The Colors in This LA Family Home Are Unbelievably Soothing

On the day of this photo shoot, there were a pair of pants at the bottom of the pool. No one knew who the pants belonged to, but Jackie Smith, a real estate mega-agent and the matriarch of the house, has a lead on which kid launched them there. “This is truly the house where everybody comes,” says her husband, Dennis, a designer and builder. “On a Friday night, there will be about 13 kids of all different ages over here.” Plus three dogs, two cats, and a male hamster named Susan.

Driving up to the home—a stately 1940 Monterey Colonial with hedges, fountains, columns, white paint, and black shutters—you might get a different impression. But the inside is warm and whimsical, the kind of place you don’t want to leave. Pastel walls are paired with contemporary accents: Low-slung, flaxen sofas beckon from the blush family room. Twice a month, they pull off the slipcovers and toss them in the wash. “I try to enforce a ‘no orange-​dusted food’ rule, but the kids get it through,” Dennis says: Cheetos, Jackie explains. Candy wrappers behind the cushions.

Kristi Bender, who co-owns the Los Angeles design firm Cuffhome with her business partner, Wendy Schwartz, has been friends with the Smiths for decades. So when the family decided to renovate their home of 14 years—ditching the dark-wood paneling, knocking down walls to open up spaces, and making the front rooms into places they’d actually want to hang out in (rather than don’t-touch-anything environs)—she got the picture instantly.

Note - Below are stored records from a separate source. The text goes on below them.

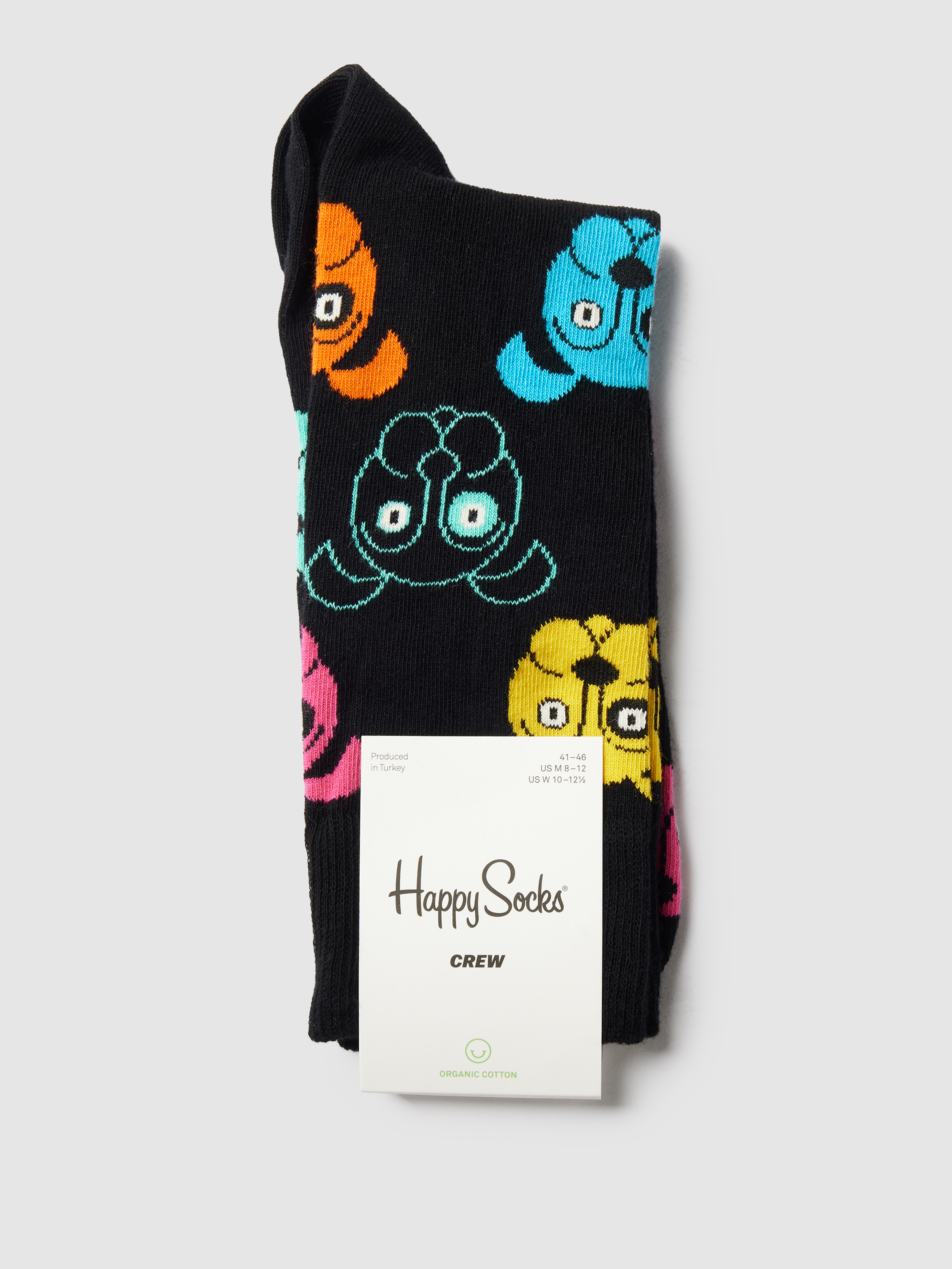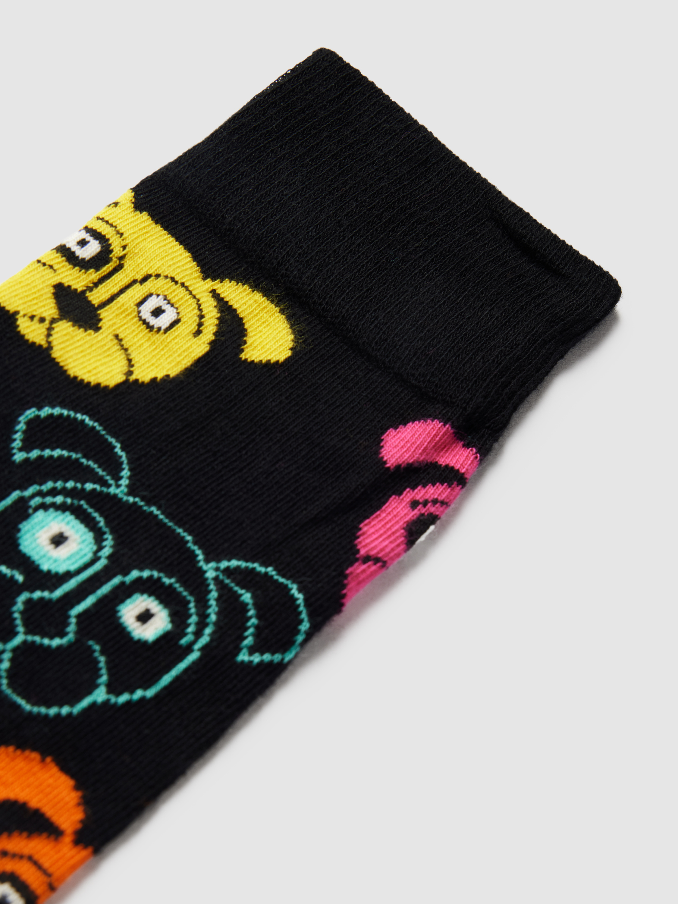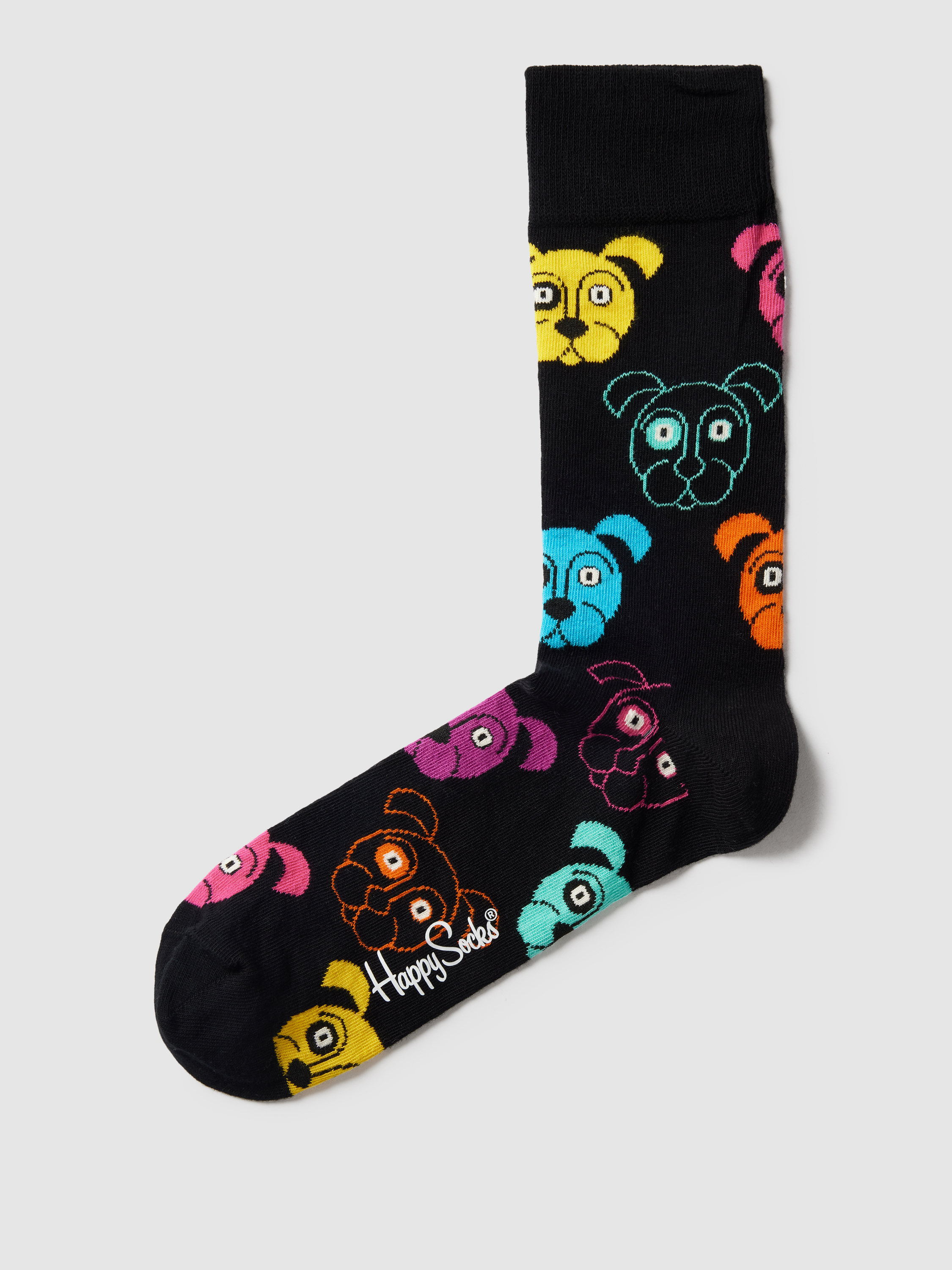 Die Herren Socken von Happy Socks, Modell 'Dog', zeichnen sich durch ihren bequemen Baumwoll-Mix aus, der dank des Stretch-Anteils für optimalen Tragekomfort sorgt. Mit ihrem lebendigen Allover-Muster bringen sie Farbe in den Alltag. Der gerippte Abschluss garantiert einen sicheren Sitz ohne Verrutschen.
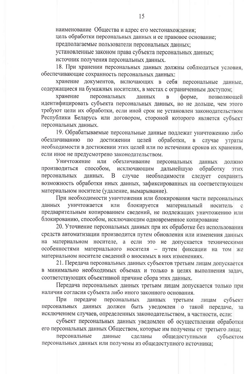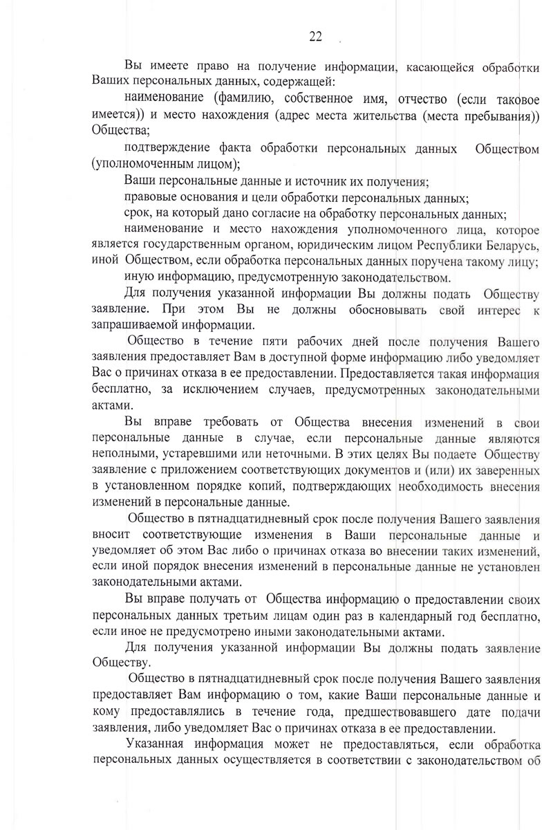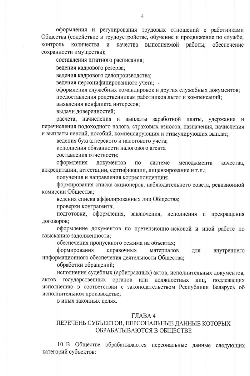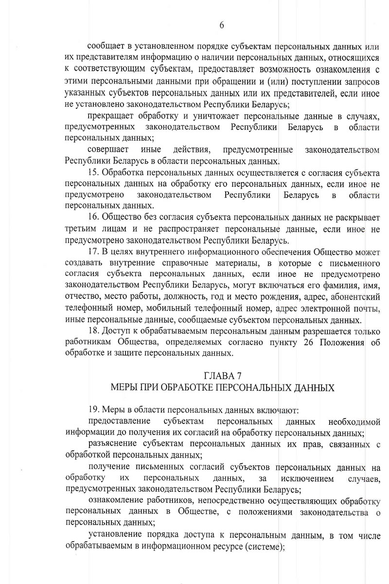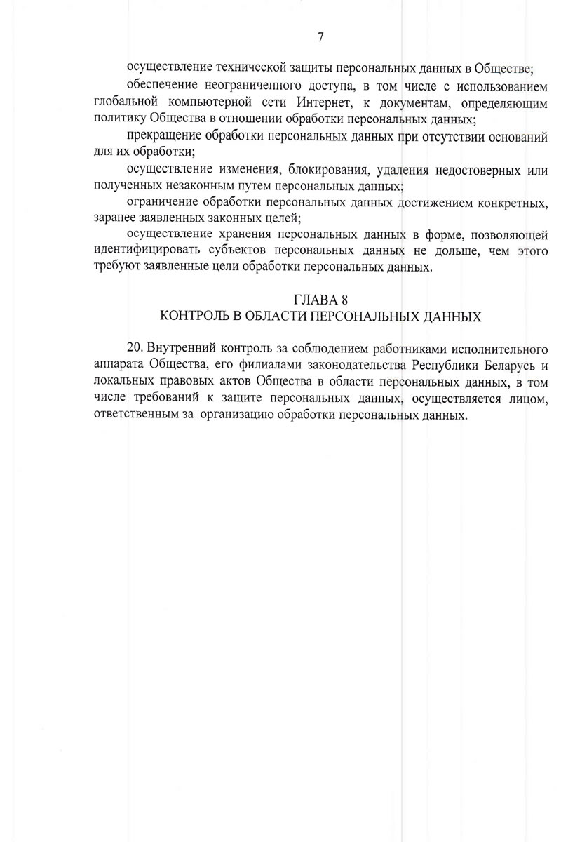Приложение к приказу генерального директора от 11.03.2022 № 41 ПОЛИТИКА ОАО «Трест Белсантехмонтаж № 1» в отношении обработки персональных данных ГЛАВА 1 ОБЩИЕ ПОЛОЖЕНИЯ 1. Политика ОАО «Трест Белсантехмонтаж № 1» (далее - Общество) в отношении обработки персональных данных (далее - Политика) определяет принципы, цели, условия обработки персональных данных, требования к защите персональных данных. 2. Политика разработана с учетом требований Конституции Республики Беларусь, законодательных и иных нормативных правовых актов Республики Беларусь в области защиты персональных данных. 3. Положения Политики служат основой для разработки локальных правовых актов, регламентирующих вопросы обработки персональных данных работников и других субъектов персональных данных. 4. Понятия, содержащиеся в статье 1 Закона Республики Беларусь от 07.05.2021 №99-3 «О защите персональных данных», используются в настоящей политике с аналогичным значением. ГЛАВА 2 ОСНОВЫ ПОЛИТИКИ ОБРАБОТКИ ПЕРСОНАЛЬНЫХ ДАННЫХ 5. Политика определяется в соответствии со следующими нормативными правовыми актами: Конституция Республики Беларусь; Трудовой кодекс Республики Беларусь; Закон Республики Беларусь от 07.05.2021 № 99-3 «О защите персональных данных» (далее - Закон о защите персональных данных); Закон Республики Беларусь от 21.07.2008 №418-3 «О регистре населения»; Закон Республики Беларусь от 10.11.2008 № 455-3 «Об информации, информатизации и защите информации»; иные нормативные правовые акты Республики Беларусь. 6. В целях реализации Политики применяются: Положение об обработке и защите персональных данных (приложение); локальные правовые акты, регламентирующие вопросы обработки персональных данных. ГЛАВА 3 ПРИНЦИПЫ И ЦЕЛИ ОБРАБОТКИ ПЕРСОНАЛЬНЫХ ДАННЫХ 7. Общество осуществляет обработку персональных данных работников Общества и других субъектов персональных данных, не состоящих с Обществом в трудовых отношениях. 8. Обработка персональных данных осуществляется с учетом необходимости обеспечения защиты прав и свобод работников Общества и других субъектов персонапьных данных, в том числе защиты права на неприкосновенность частной жизни, личную и семейную тайну, на основе следующих принципов: обработка персональных данных осуществляется на законной и справедливой основе; обработка персональных данных осуществляется соразмерно заявленным целям их обработки и обеспечивает на всех этапах такой обработки справедливое соотношение интересов всех заинтересованных лиц; обработка персональных данных осуществляется с согласия субъекта персональных данных, за исключением случаев, предусмотренных законодательными актами; обработка персональных данных ограничивается достижением конкретных, заранее заявленных законных целей. Не допускается обработка персональных данных, не совместимая с первоначально заявленными целями их обработки; содержание и объем обрабатываемых персональных данных соответствуют заявленным целям их обработки. Обрабатываемые персональные данные не являются избыточными по отношению к заявленным целям их обработки; обработка персональных данных носит прозрачный характер. Субъекту персональных данных может предоставляться соответствующая информация, касающаяся обработки его персональных данных; обеспечение достоверности обрабатываемых персонал
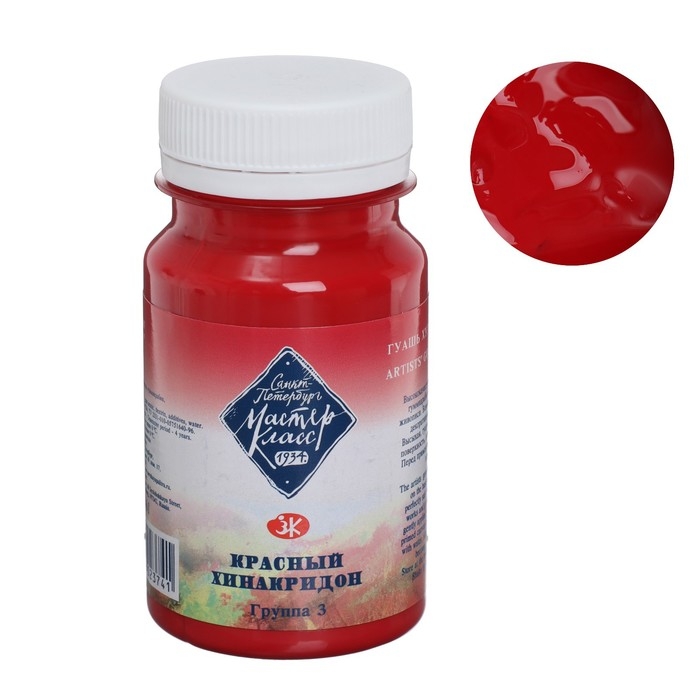 Гуашь художественная в банке 100 мл, ЗХК "Мастер класс", красный хинакридон (1727361)

Jackie kept seeing flourishes she loved in all the properties she was selling and was tempted to introduce notes of each style in her own home. These enthusiasms, unbridled, could have led to a Victorian-ranch-farmhouse- glass-cube grab bag. But Bender intervened.

She introduced unexpected shapes and bold colors throughout, from Cuffhome’s unique rope-wrapped globe lamp in the dining room to the striking centerpiece of the home, an all-pink family room. At first, Dennis “absolutely hated it—until the painters put it up.”Cast in Farrow & Ball’s Setting Plaster, the walls change with the light, pearly in some places, warm salmon in others, and light brown in the shadows. “I was so gunning for this,” Jackie says, grinning.

Some rooms found a new purpose. “When we first designed the home, we thought the living room was supposed to be very formal, very East Coast,” Jackie says. “But none of us ever went into it. We started to think, If we don’t live like this, what’s the point?” Bender reimagined the space as a music room, highlighting the family’s many instruments and mounting a few beloved vinyl record covers. “I can’t get enough of this room,” Jackie says. “If the doors are closed for some reason, like the kids are doing their guitar lessons in there, I’m super-bummed when I walk in the door and I can’t see it all.”